Joshua Birk specializes in political history and cultural history across religious boundaries in the medieval Mediterranean world.
His book, Norman Kings of Sicily and the Rise of the Anti-Islamic Critique: Baptized Sultans, examines a crucial component in the rise of anti-Islamic sentiment in Latin Europe. The text demonstrates how Christian rulers of Sicily used Muslim personnel and co-opted and redeployed Islamic cultural tropes and administrative techniques to project their authority over the Island of Sicily in the 11th and 12th centuries. Baptized Sultans shows that neither the use of Muslim soldiers and administrators nor the adoption of Islamic cultural elements were controversial in the 11th and 12th centuries, but that starting around 1200 the enemies of the Sicilian crown increasingly used Sicilian Muslims to demonize Sicilian rulers. He has also published articles on the First Crusade, examining how interactions between Normans and Muslims in Southern Italy and Sicily informed southern Italian behavior during the Crusades and how early accounts of the crusade were rewritten to erase this southern Italian perspective.

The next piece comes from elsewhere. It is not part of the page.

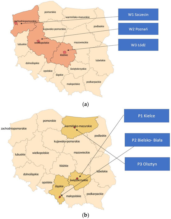 Location of the research areas within the administrative borders of Poland in the different research groups: (a) province capitals W, (b) poviat capitals P, (c) towns M, (d) rural municipalities G.

He offers a range of courses on various topics in the medieval world, including three sequential surveys covering the medieval European world from 400 to 1650. He teaches several specialized colloquia on topics such as the notion of race in medieval Europe, medieval concepts of magic and the supernatural, and the idea of religious violence in the Islamo-Christian Tradition. He also teaches a seminar on violence and memory in the high Middle Ages, and a first-year seminar titled Reacting to the Past.
Birk is a recipient of the 2012 Rome Prize and the 2019 Smith College Teaching Award. He is also a member of the Middle East Studies faculty and the director of the newly initiated Humanities and Social Science Research Labs.
"Crucible of Faith: Fitna in the Travels of Ibn Jubayr" in Rethinking Norman Italy: Studies in honor of Graham Loud, Manchester University Press, 2021.
Norman Kings of Sicily and the Rise of the Anti-Islamic Critique: Baptized Sultans, Palgrave Macmillan, 2017.
“Imagining the Enemy: Southern Italian Perception of Muslims in the Wake of the First Crusade,” in Just Wars, Holy Wars, and Jihads: Christian, Jewish, Muslim Encounters and Exchanges, Oxford University Press, 2012.
“The Betrayal of Antioch: Narratives of Conversion and Conquest During the First Crusade,” in Journal of Medieval and Early Modern Studies, 2011, Volume 41, no. 3: 463–485.
Translations of portions of Ibn Jubayr's travels to Sicily, in Medieval Italy: Texts in Translation, edited by Katherine L Jansen, et. al. University of Pennsylvania Press, 2009.
“Borderlands and Borderlines: Narrating the Past in Twelfth-Century Sicily,” in Multicultural Europe and Cultural Exchange in the MIddle Ages and Renaissance, edited by James P. Helfers. Brepols Publishers: 2005.